─── Data supplied

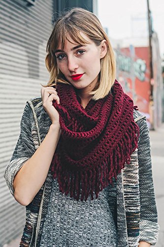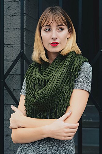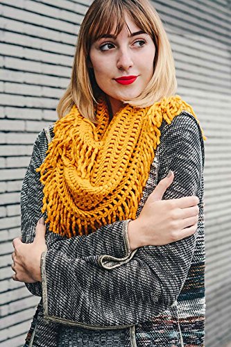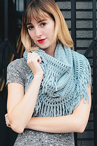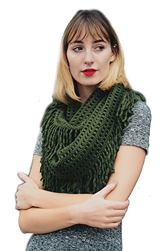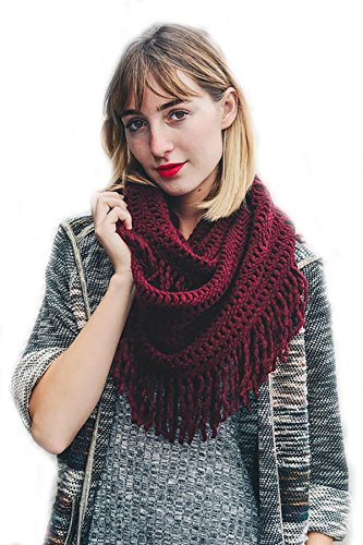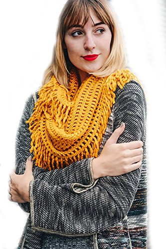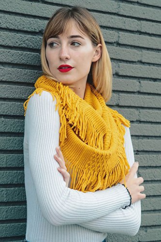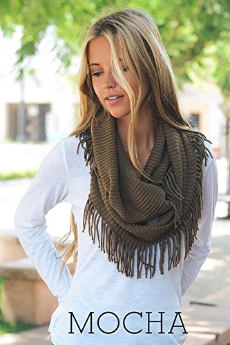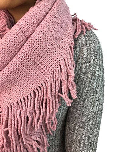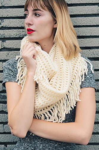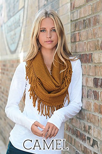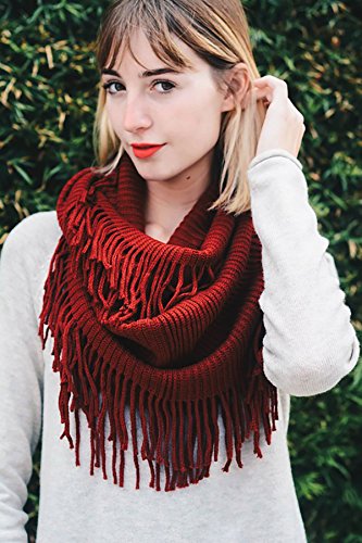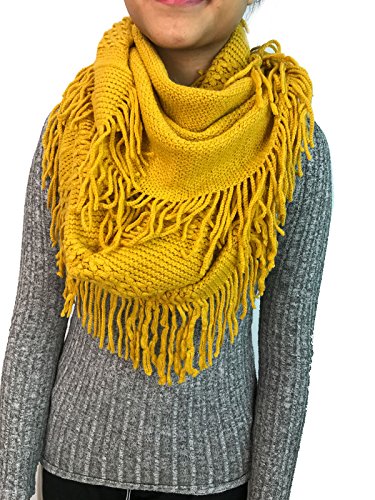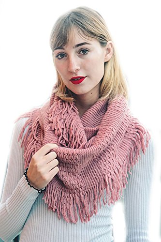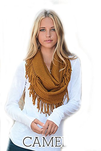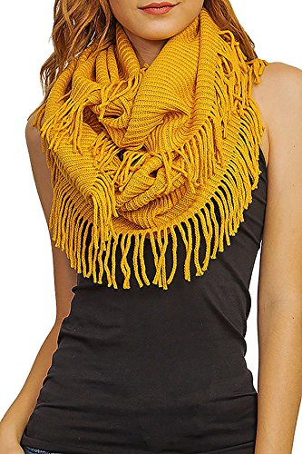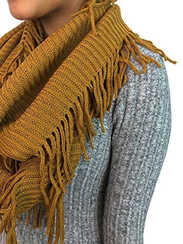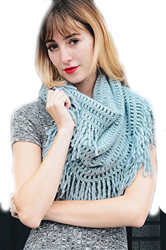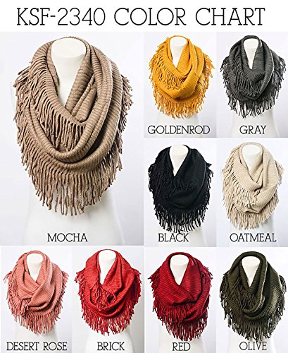 | Women's Winter Knit Ribbed Fringe Pointelle Lattice Tassel Infinity Scarf Cowl Wrap |
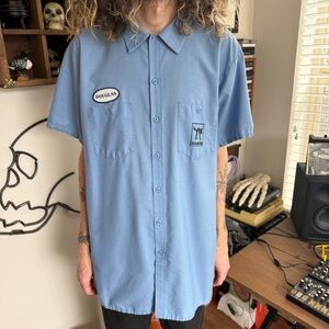 Vintage 90's light blue short sleeve button down Dickies work shirt with the Hellcat Records logo, Douglas embroidered name patch, two patch pockets, left pen holder and in large print on the back Keep Warm With The Gadjits
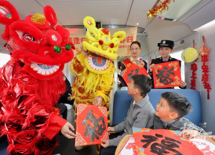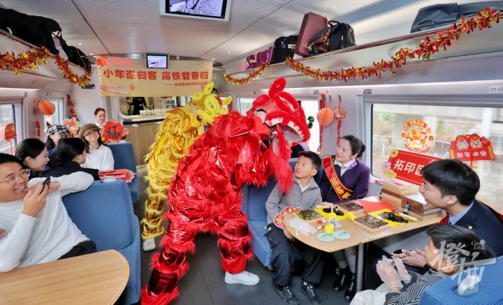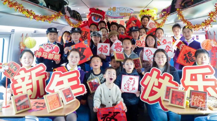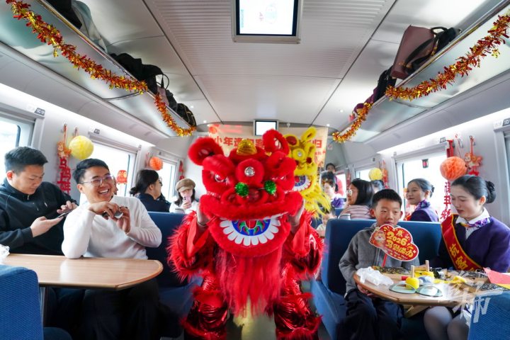 飞驰的列车变身温馨的年味驿站,旅客们在旅途中沉浸式体验非遗手作、观赏文艺表演,共迎新春佳节。
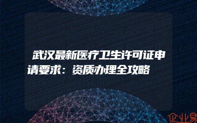 - 武汉最新医疗卫生许可证申请要求:资质办理全攻略
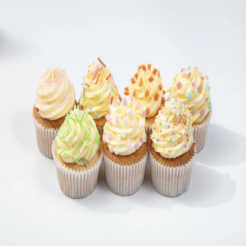 Najlepszy efekt uzyskasz, gdy posypki umieścisz na świeżym kremie, polewie czekoladowej lub lukrze – dzięki temu dobrze się przykleją i będą pięknie widoczne na wypieku.
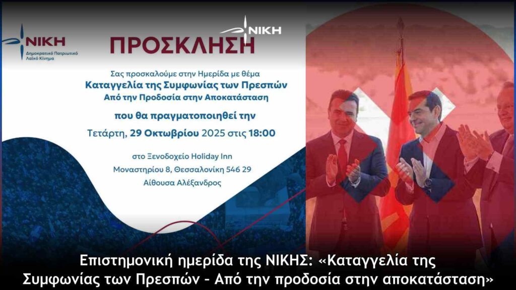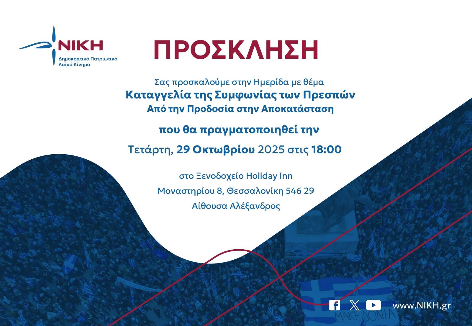 Το Δημοκρατικό Πατριωτικό Κίνημα ΝΙΚΗ διοργανώνει την Τετάρτη 29 Οκτωβρίου 2025, στις 18:00, ημερίδα με θέμα «Καταγγελία της Συμφωνίας των Πρεσπών – Από την Προδοσία στην Αποκατάσταση». Η ημερίδα θα πραγματοποιηθεί στο ξενοδοχείο Holiday Inn (Μοναστηρίου 8, Θεσσαλονίκη), Αίθουσα «Αλέξανδρος».
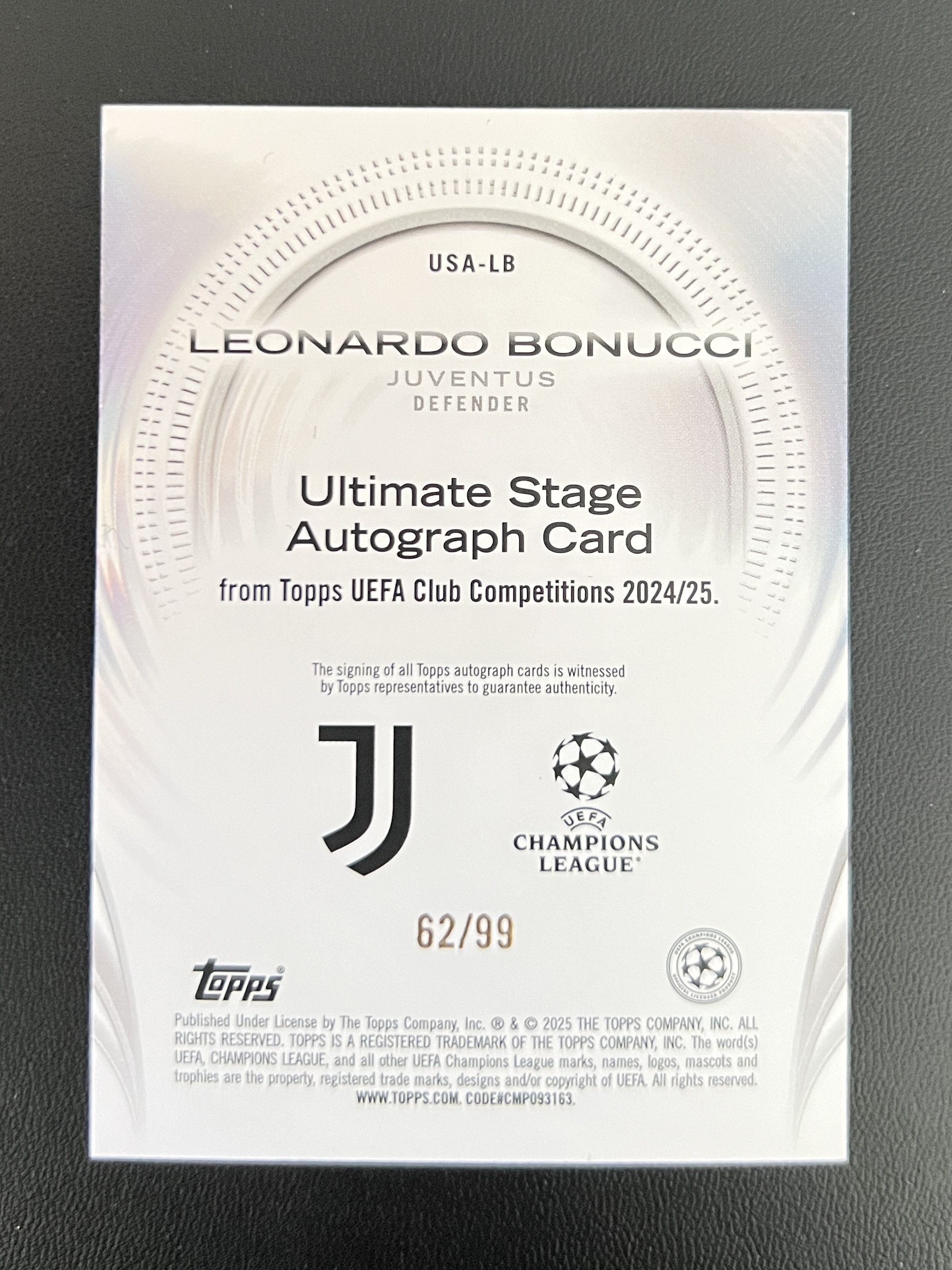 2025 Topps UEFA Champions League Giorgio Chiellini 基耶利尼 尤文图斯 99编 欧冠 签字 终极舞台签 多图已拍
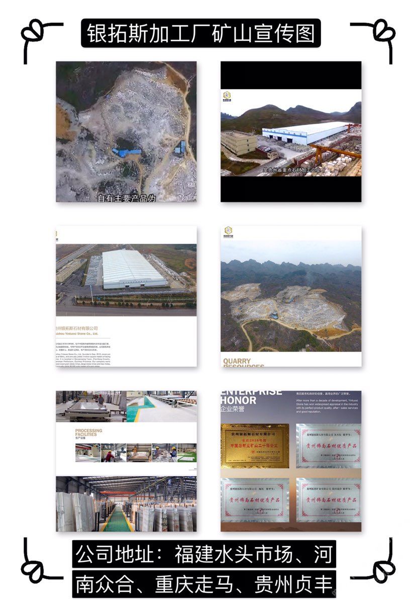 貴州銀拓斯石材有限公司成立于2012年9月,位于黔西南州貞豐縣北盤江鎮(zhèn),經(jīng)營范圍為石材開采、加工、銷售,主要加工貴州木紋、米黃等系列產(chǎn)品。貴州銀拓斯石材有限公司占地面積65.74畝。引進國內(nèi)外先進的石材生產(chǎn)工藝和加工設(shè)備,現(xiàn)已安裝科達靜壓鋸6臺、高效磨機1臺等設(shè)備,年產(chǎn)板材100萬平方米。公司自有木紋礦山兩處、米黃礦山兩處、新品礦山兩處,年產(chǎn)荒料5萬立方米。公司秉承“勵志創(chuàng)新、篤守誠信”的經(jīng)營理念,立足于重實際、辦實事、見實效,把文化理念融入到生產(chǎn)建設(shè)和質(zhì)量管理的各個環(huán)節(jié),致力于用文化提升領(lǐng)導(dǎo)力、執(zhí)行力和凝聚力,以文化促進生產(chǎn)力,以軟實力提升“銀拓斯”整體發(fā)展水平,為客戶提供“高效率、高品質(zhì)、全方位”的服務(wù),不斷提升產(chǎn)品品質(zhì),程度地滿足客戶的需求。\\\\\\\

──────

What the task requires => The response is to contain exactly the lines from the beginning of the data through the line containing "- 武汉最新医疗卫生许可证申请要求:资质办理全攻略", both ends included, and nothing else; omit the pictures.

Finished exercise =>
 | Women's Winter Knit Ribbed Fringe Pointelle Lattice Tassel Infinity Scarf Cowl Wrap |
 Vintage 90's light blue short sleeve button down Dickies work shirt with the Hellcat Records logo, Douglas embroidered name patch, two patch pockets, left pen holder and in large print on the back Keep Warm With The Gadjits
 飞驰的列车变身温馨的年味驿站,旅客们在旅途中沉浸式体验非遗手作、观赏文艺表演,共迎新春佳节。
 - 武汉最新医疗卫生许可证申请要求:资质办理全攻略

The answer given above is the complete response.